**What the task requires**. Beginning with the line that holds "Lybster was an", copy each line exactly through the end of the entries, but leave the pictures out.

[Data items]
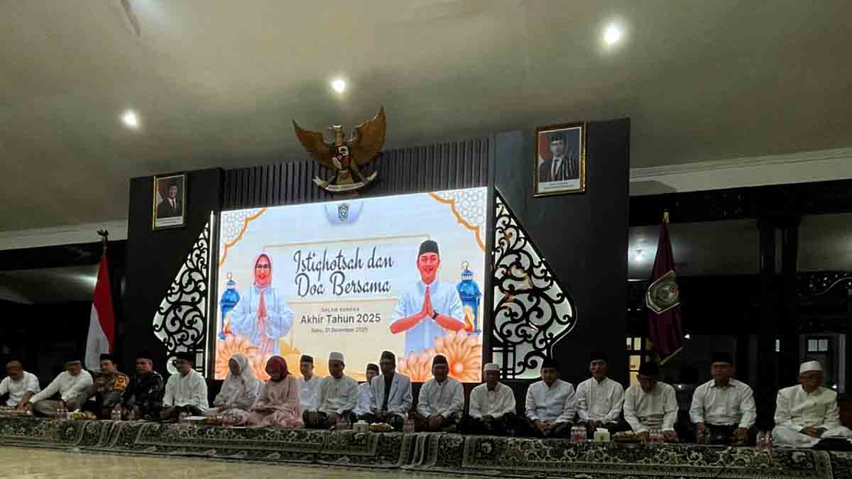 TROBOS.CO | LUMAJANG – Pemerintah Kabupaten (Pemkab) Lumajang mengawali penutupan tahun 2025 dengan khidmat. Rabu (31/12/2025) malam, digelar Doa Bersama Akhir Tahun 2025 di Pendopo Kabupaten, yang dihadiri seluruh pimpinan daerah (Forkopimda), tokoh agama, tokoh masyarakat, dan kepala organisasi perangkat daerah (OPD).
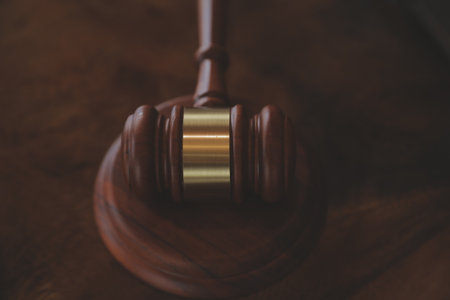 justice and law concept judge the gavel,working with digital computer law firms giving confidence
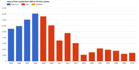 Lybster was an important port in the herring industry in the nineteenth century.[6] In 1838, the population was said to be 1312, and there was a move to build a church there, because otherwise worshippers had to travel to either Latheron or Bruan, both about 5 mi (8 km) away.[7] Lybster declined in importance as a herring fishing port before the First World War as the local industry concentrated in Wick.
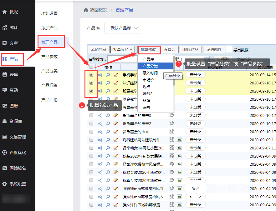 您也能批量键入产品展开设置“产品分类”和“产品参数”。
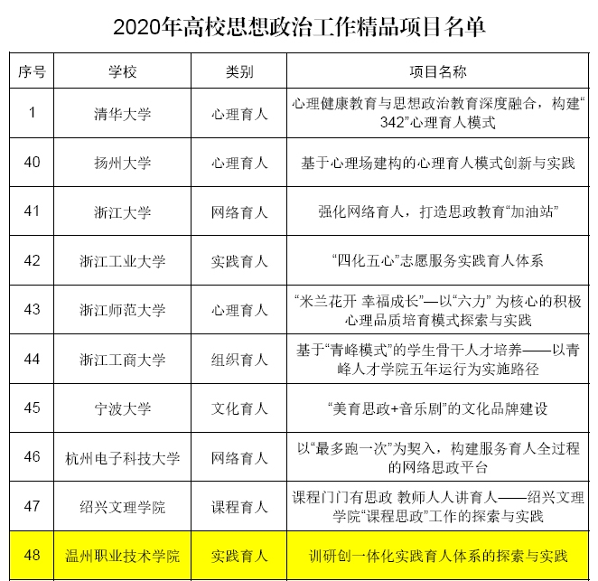 本网讯 (科研处通讯员 陈莉敏)1月8日,教育部公布了2020年度高校思想政治工作精品项目遴选结果,我院申报的——“训研创一体化实践育人体系的探索与实践”获批实践育人类项目,是浙江省唯一入选的高职院校。此前,全国仅三所高职院校获批高校思想政治工作精品项目。
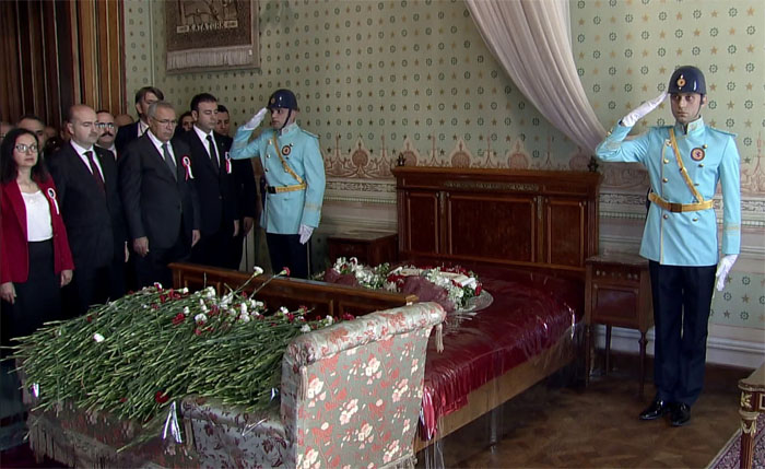 Milyonlar, siren seslerinin ardından saat 09.05'te saygı duruşuna geçti. Duygusal anlar yaşandı. Atatürk'ün son nefesini verdiği Dolmabahçe Sarayı doldu taştı.

**Completed exercise**.
 Lybster was an important port in the herring industry in the nineteenth century.[6] In 1838, the population was said to be 1312, and there was a move to build a church there, because otherwise worshippers had to travel to either Latheron or Bruan, both about 5 mi (8 km) away.[7] Lybster declined in importance as a herring fishing port before the First World War as the local industry concentrated in Wick.
 您也能批量键入产品展开设置“产品分类”和“产品参数”。
 本网讯 (科研处通讯员 陈莉敏)1月8日,教育部公布了2020年度高校思想政治工作精品项目遴选结果,我院申报的——“训研创一体化实践育人体系的探索与实践”获批实践育人类项目,是浙江省唯一入选的高职院校。此前,全国仅三所高职院校获批高校思想政治工作精品项目。
 Milyonlar, siren seslerinin ardından saat 09.05'te saygı duruşuna geçti. Duygusal anlar yaşandı. Atatürk'ün son nefesini verdiği Dolmabahçe Sarayı doldu taştı.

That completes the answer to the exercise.